Beech Grove is a city in Marion County, Indiana, United States. As of the 2020 census, the city's population is 14,717. The city is located within the Indianapolis metropolitan area. Beech Grove is designated an "excluded city" under Indiana law, as it is not part of the consolidated government of Indianapolis and Marion County.

== History ==

By the turn of the 20th century, the Beech Grove area was a rural section of Marion County. Notable residents included poet and women's-rights activist Sarah Tittle (Barrett) Bolton (1814-1893) and Indianapolis financier Francis McClintock Churchman (1833-1891).
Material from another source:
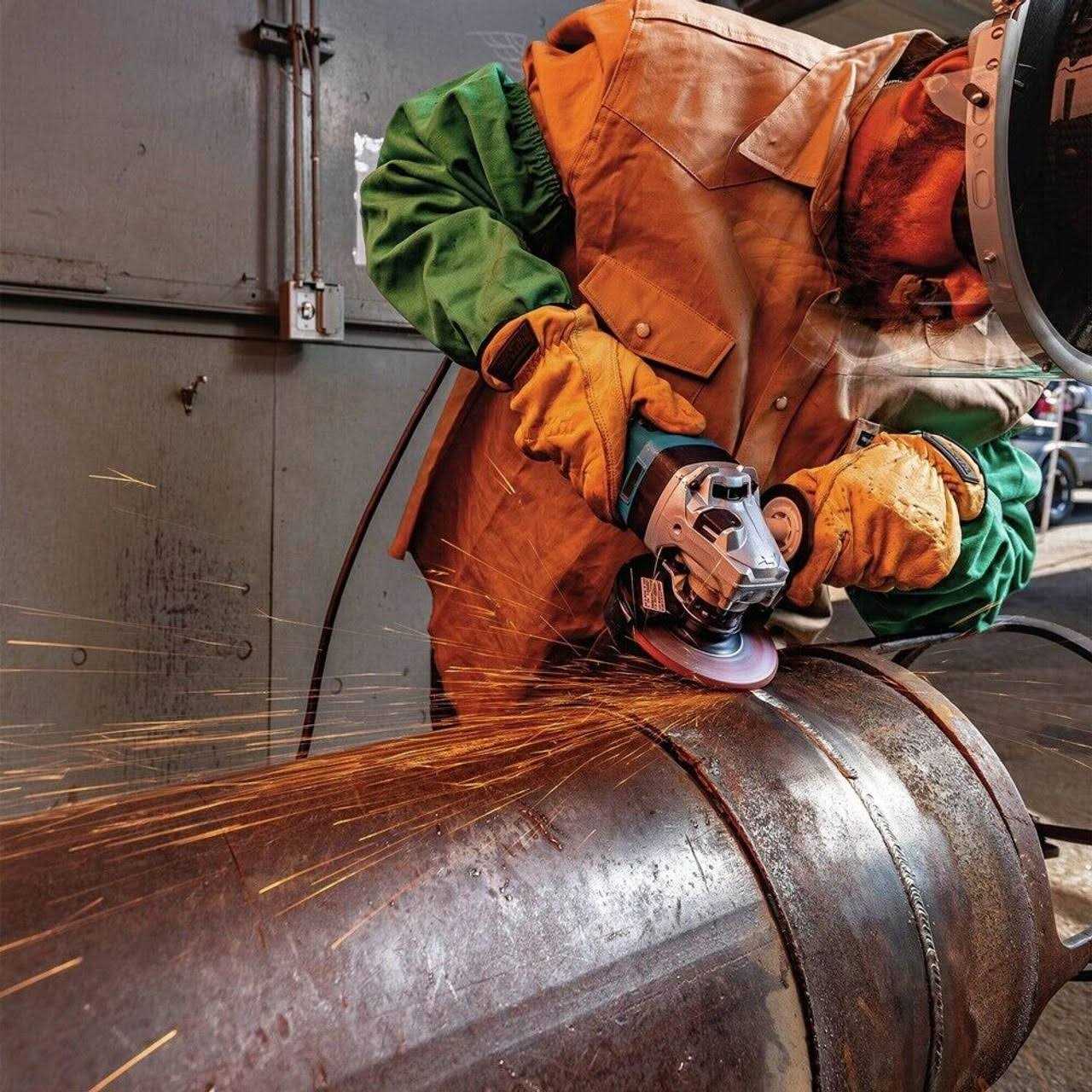 SJSII High-Power Angle Grinder w/Brake (GA4591) features a powerful 15 AMP motor that delivers more output and features a variable speed control dial that allows the user to adjust RPM from 2,800 – 11,500 to match the speed to the application. The High-Power Angle Grinder features SJSII, which uses a leaf spring and cam gear drive mechanism that is engineered to reduce vibration for increased operator comfort during extended use. Vibration is further reduced by the vibration absorbing side handle which provides increased comfort on the job. The GA4591 features an Electronic Controller that provides soft start, which is designed to suppress start-up reaction for smooth start-ups and longer gear life. The High-Power grinder features labyrinth construction seals and protects the motor and bearings from dust and debris for longer tool life. The motor fan is designed with enlarged fins for increased air flow and a cooler running motor. The GA4591 features spiral bevel gears for smoother rotations and a more efficient transfer of energy. It features a fully aluminum constructed gear housing which provides superior gear alignment and smooth transmission for increased durability and comfort. An Electronic Controller provides an electronic current limiter which helps protect the motor from overload in high torque applications.Convenience features include a in. tool-less in. wheel guard for easy adjustment, and a slide switch with lock-on for continuous use.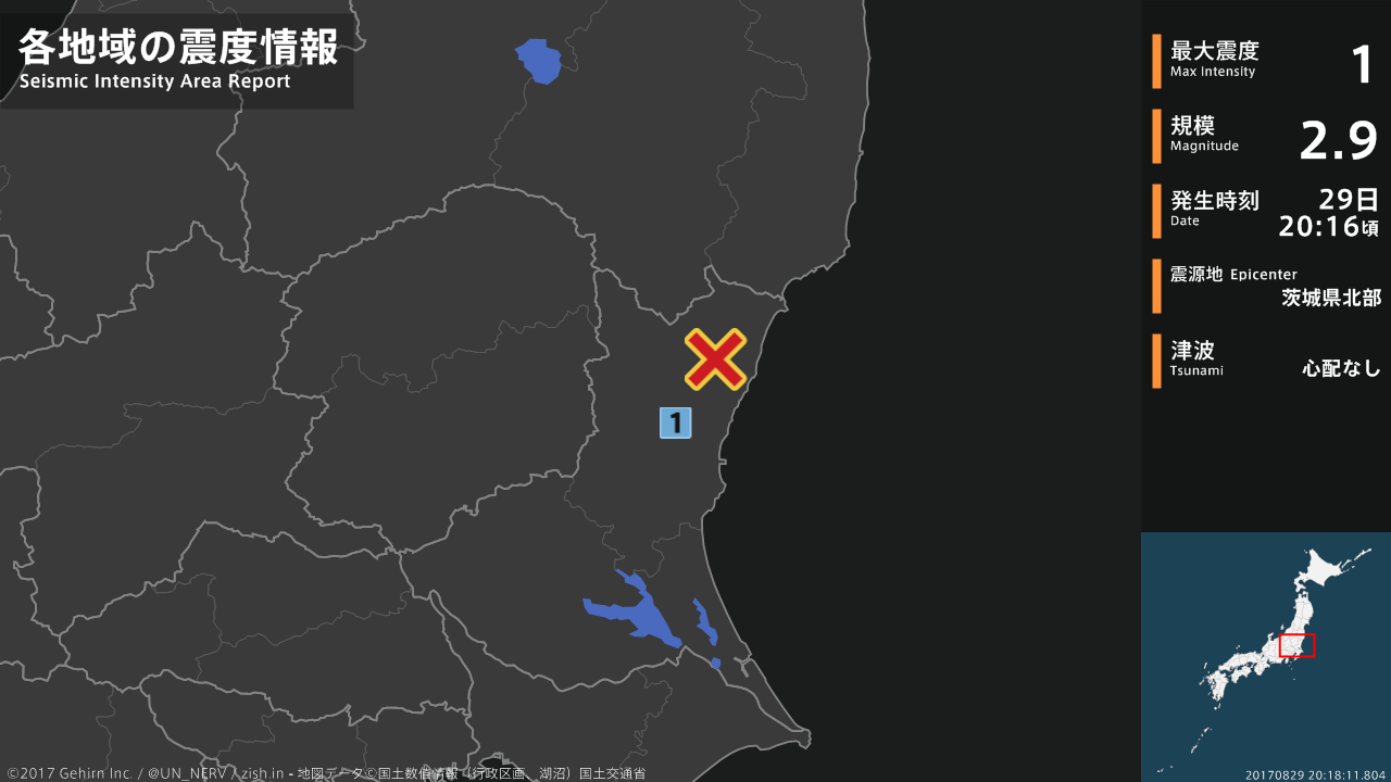 【地震情報 2017年8月29日】20時16分頃、茨城県北部を震源とする地震がありました。震源の深さは約10km、地震の規模はM2.9、最大震度1を茨城県で観測しています。この地震による津波の心配はありません。#地震 #茨城県

Bolton's farm, "Beech Bank", and Churchman's cattle farm, "Beech Grove Farm", both reflected the abundance of beech trees in this area. This would eventually provide the reason for the city's name, although an early railroad stop in the area was known as "Ingallstown". The city's Sarah T. Bolton Park, situated on some of the former Beech Bank farmland, still contains several large beech trees along its southern boundary.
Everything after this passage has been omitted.